### Assigned task
All lines below between the line with "LGWAN上で会議録検索シス" and the line with "Lee Approx 100", including both, must be copied exactly, and the pictures must be omitted.

─── Data ───

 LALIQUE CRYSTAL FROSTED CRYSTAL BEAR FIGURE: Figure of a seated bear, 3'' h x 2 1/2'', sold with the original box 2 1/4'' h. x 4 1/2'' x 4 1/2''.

───
─── Data ───

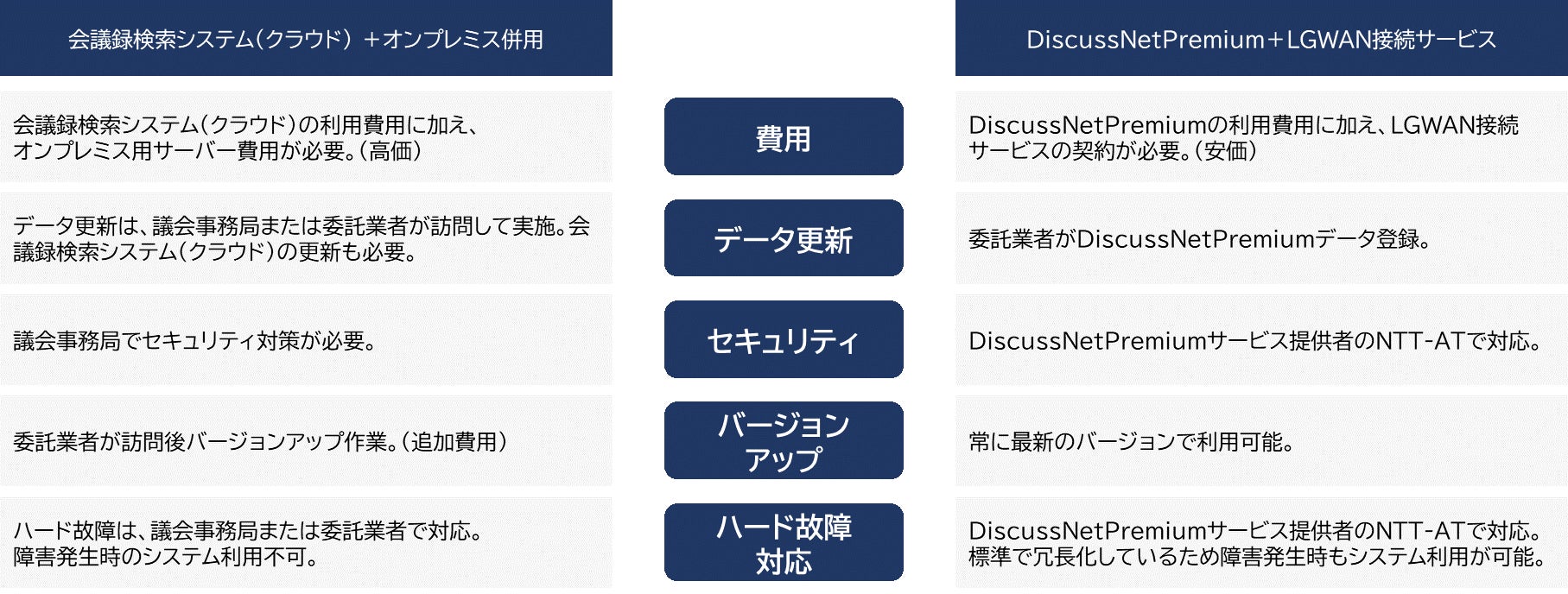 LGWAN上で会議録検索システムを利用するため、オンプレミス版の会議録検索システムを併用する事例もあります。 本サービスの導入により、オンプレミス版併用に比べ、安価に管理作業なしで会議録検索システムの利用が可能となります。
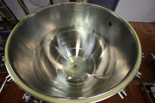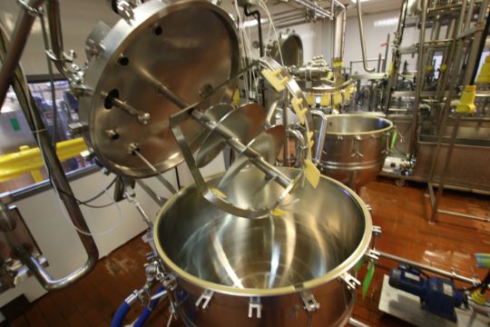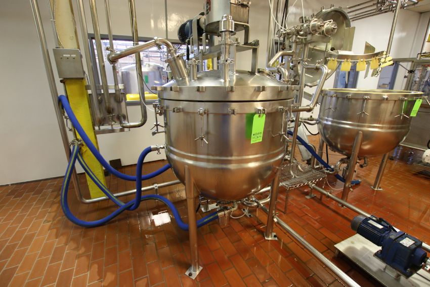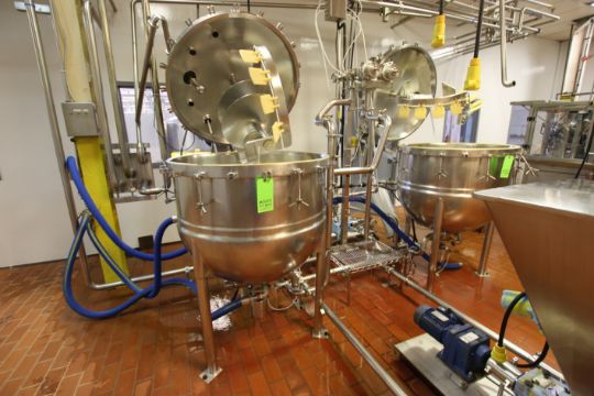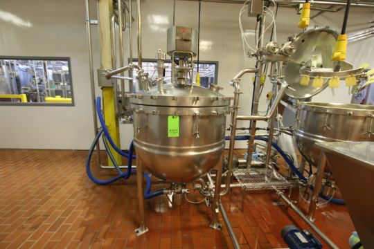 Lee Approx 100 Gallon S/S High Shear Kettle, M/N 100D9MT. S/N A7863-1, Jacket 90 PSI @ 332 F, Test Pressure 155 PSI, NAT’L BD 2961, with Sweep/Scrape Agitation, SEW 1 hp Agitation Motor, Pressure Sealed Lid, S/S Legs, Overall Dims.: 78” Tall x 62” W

───

### Response
 LGWAN上で会議録検索システムを利用するため、オンプレミス版の会議録検索システムを併用する事例もあります。 本サービスの導入により、オンプレミス版併用に比べ、安価に管理作業なしで会議録検索システムの利用が可能となります。
 Lee Approx 100 Gallon S/S High Shear Kettle, M/N 100D9MT. S/N A7863-1, Jacket 90 PSI @ 332 F, Test Pressure 155 PSI, NAT’L BD 2961, with Sweep/Scrape Agitation, SEW 1 hp Agitation Motor, Pressure Sealed Lid, S/S Legs, Overall Dims.: 78” Tall x 62” W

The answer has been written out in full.